Peu à peu, il fut accepté comme un original, un loup solitaire. Les femmes firent courir la légende habituelle d’un homme qui avait traversé de dures épreuves et qui en avait assez de ses semblables. Il devint une curiosité dont les villageois étaient même un peu fiers et il était envié par ceux qui n’avaient pas réussi à réaliser eux-mêmes leur rêve de solitude, rêve que tant de personnes caressent, une fois leur jeunesse passée. L’hiver, on voyait parfois la trace de ses skis dans la forêt, mais jamais l’homme lui-même. Parfois, en automne, un coup de fusil retentissait, mais il n’avait pas de chien. Des bruits couraient sur tous les livres qu’il se faisait envoyer.

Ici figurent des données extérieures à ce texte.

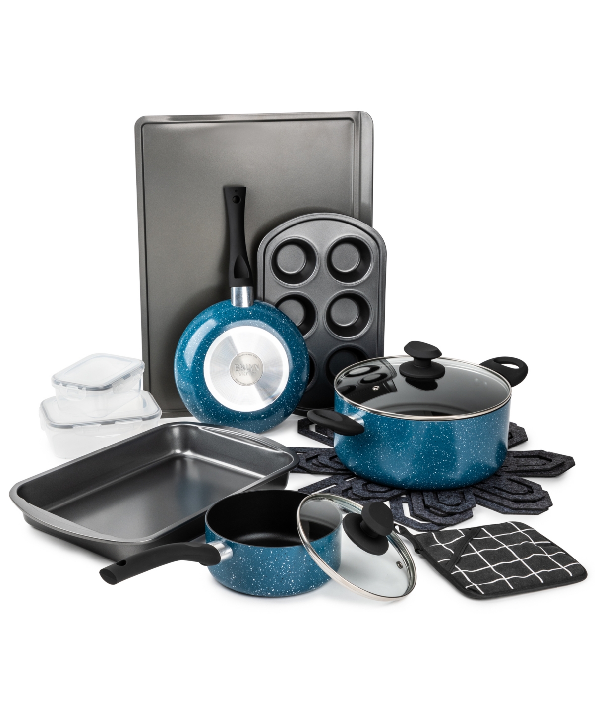 • Set Includes: 8" Fry Pan,1.5-Qt. Saucepan With Lid,5-Qt. Dutch Oven With Lid,8" X 8" Pot Holder,15" Cookie Sheet,9" X 13" Cake Pan,6-Cup Muffin Tin,Three Felt Cookware Protectors,17-Oz. Snap Container,28-Oz. Snap Container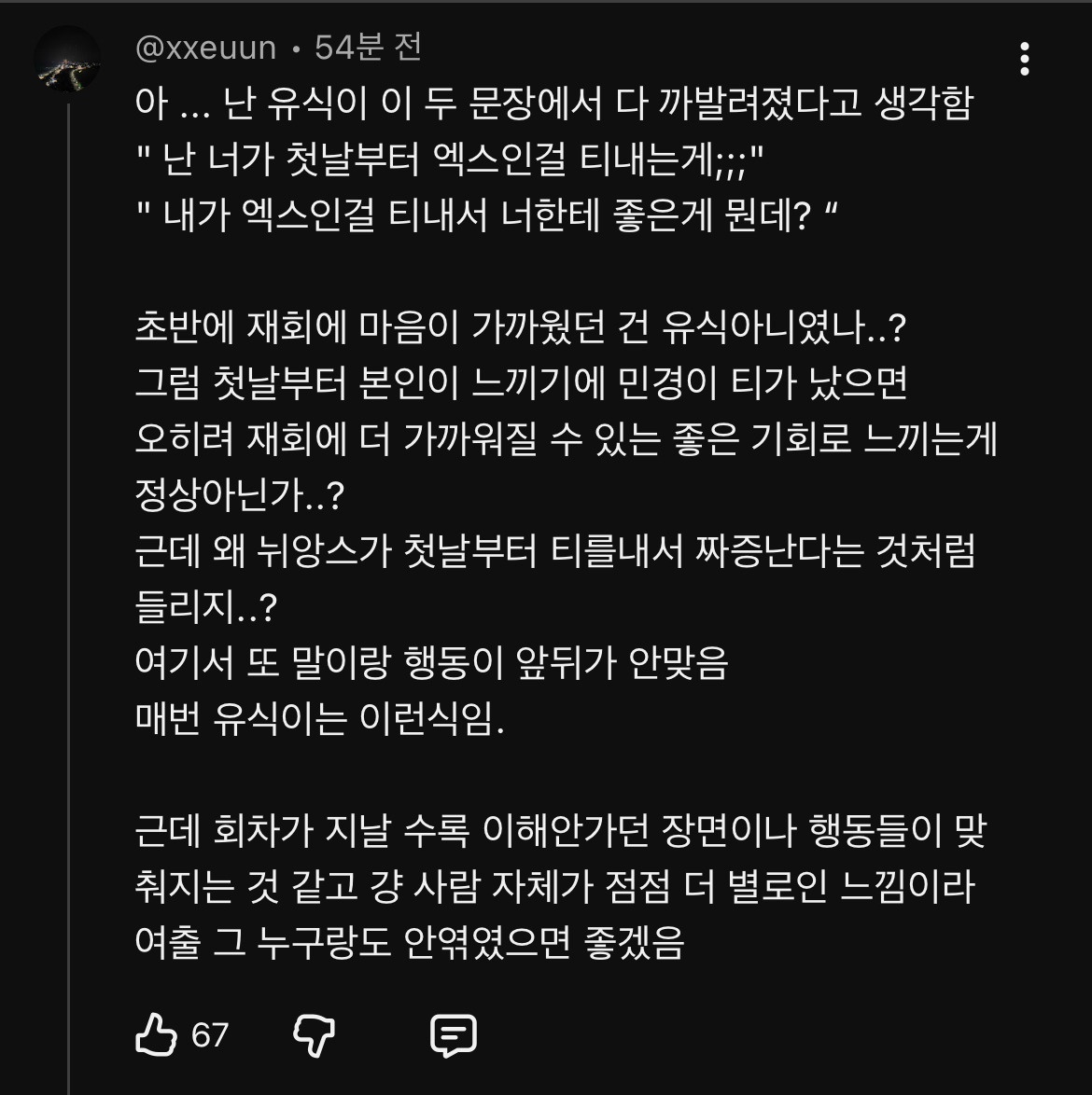 작성자빛나는 별 작성시간 25.12.07 진짜 여기서 쟤만 빼고 다른 전커플들은 서로 대화 잘하고 잡도리도하고 그러는데 쟤만 저지랄떨어서 볼깨마다 빡침

On ne savait de lui que ce qu’il était possible de savoir d’un homme dans une société où tout le monde est fiché. On apprit également qu’il avait fait beaucoup de commerce de bois, et qu’ensuite il avait été négociant à Oslo pendant quelques années. Il y faisait le commerce du goudron, disait-on. Le bois et le goudron, ça inspirait confiance, et puis il avait de l’argent. On savait qu’il était né à Røros en 1890 et qu’il était venu s’installer ici en 1935. Mais il ne répondait jamais aux questions et ne soutenait pas une conversation. Au bout de quatre ans, personne n’avait entendu de lui autre chose que des questions polies et formelles sur ce qu’on désirait quand on le rencontrait sur le chemin menant à sa maison. Il brisa net les tentatives de faire de lui un personnage mystérieux. C’était un homme qui voulait être seul et tranquille et qui en avait les moyens.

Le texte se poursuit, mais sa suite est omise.